Here’s what we can say given his current status, and what it means for you or your patients in similar scenarios: 

  • Because his MRI showed no fractures or ligament damage, the prognosis is good for returning to full function. This is consistent with favorable outcomes in “simple” elbow dislocations.  
  • That said: there is no formal return date yet for him. His team is being cautious.  
  • For a non-athlete patient: if you sustain a simple elbow dislocation and follow an appropriate rehab program, you could expect many daily activities to return within 6–8 weeks, but full high-demand return (heavy lifting, overhead sport) may take 3–4 months or more depending on individual factors. 
  • Risks to watch for: elbow stiffness (range of motion loss), residual instability (if soft tissues didn’t heal well), recurrent dislocation (though less common), and for highimpact sports especially, possible cartilage damage or early arthritis longterm. 
  • In Jayden’s scenario: good signs — but because of his high demands (NFL quarterback), the threshold for return is higher and risk tolerance lower. The fact he’s “out indefinitely” shows the team will only clear him once the elbow meets all functional metrics. 

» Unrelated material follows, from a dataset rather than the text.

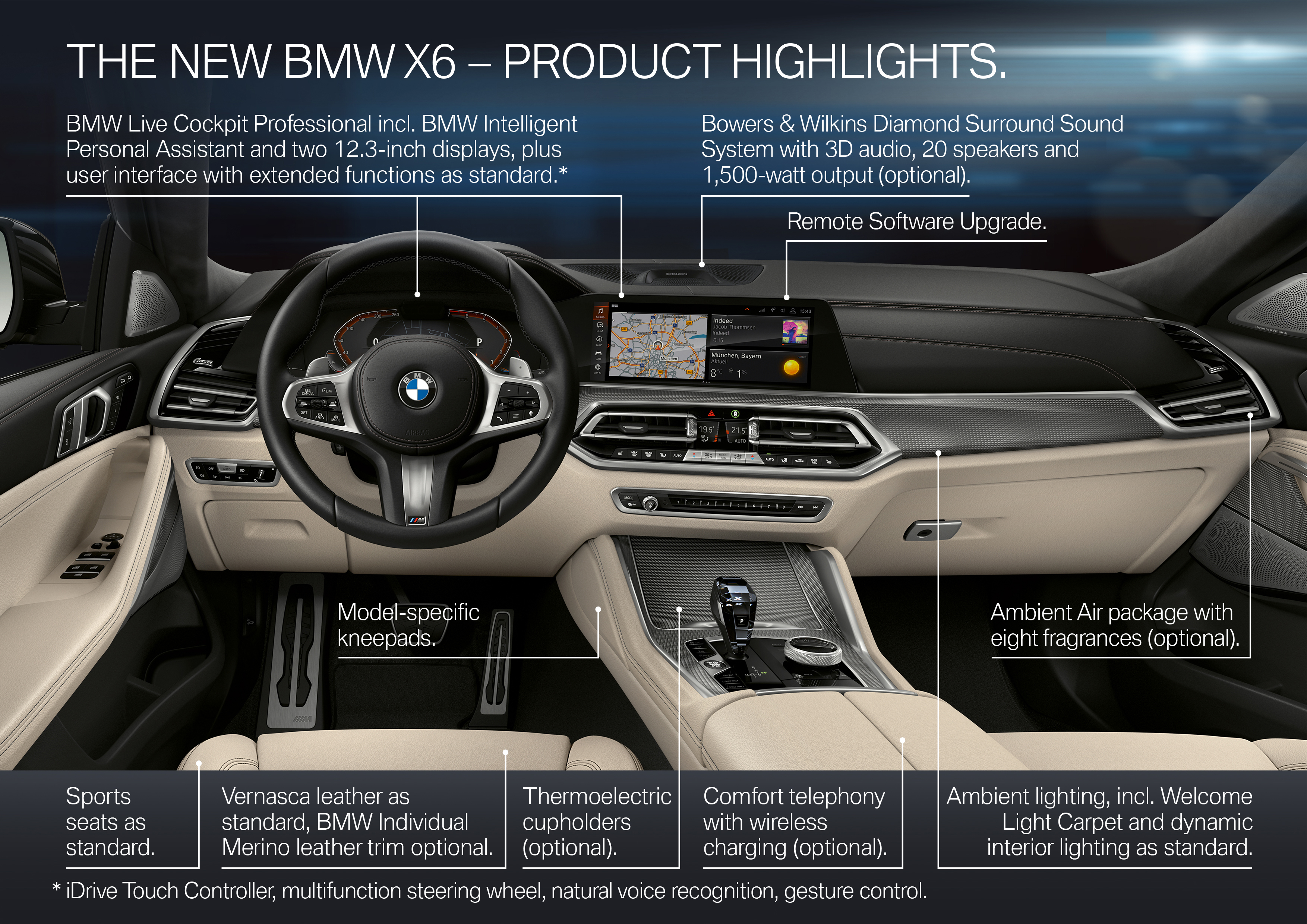 The BMW Live Cockpit Professional in the new BMW X6 combines a

Key take-aways for patients 

  • A dislocated joint doesn’t always mean a fracture — and when imaging is favorable (no fracture, no major ligament tear), the recovery outlook improves. 
  • Early motion + progressive strengthening + functional task training = the pathway to recovery. Skipping phases or rushing can prolong recovery or cause complications. 
  • Even when imaging is good → the real test is functional readiness. Range, strength, control, confidence matter. 
  • Just because someone like Jayden is medically “clear” for rehab doesn’t mean they are “clear” for full return to demanding activity — the same principle applies in outpatient rehab: returning to full job/sport must be measured and controlled. 
  • Regular followups, monitoring for stiffness, pain, strength asymmetry, and functional deficits help ensure the joint recovers well. 

Published November 6, 2025 | Posted in NFL Injury Spotlight.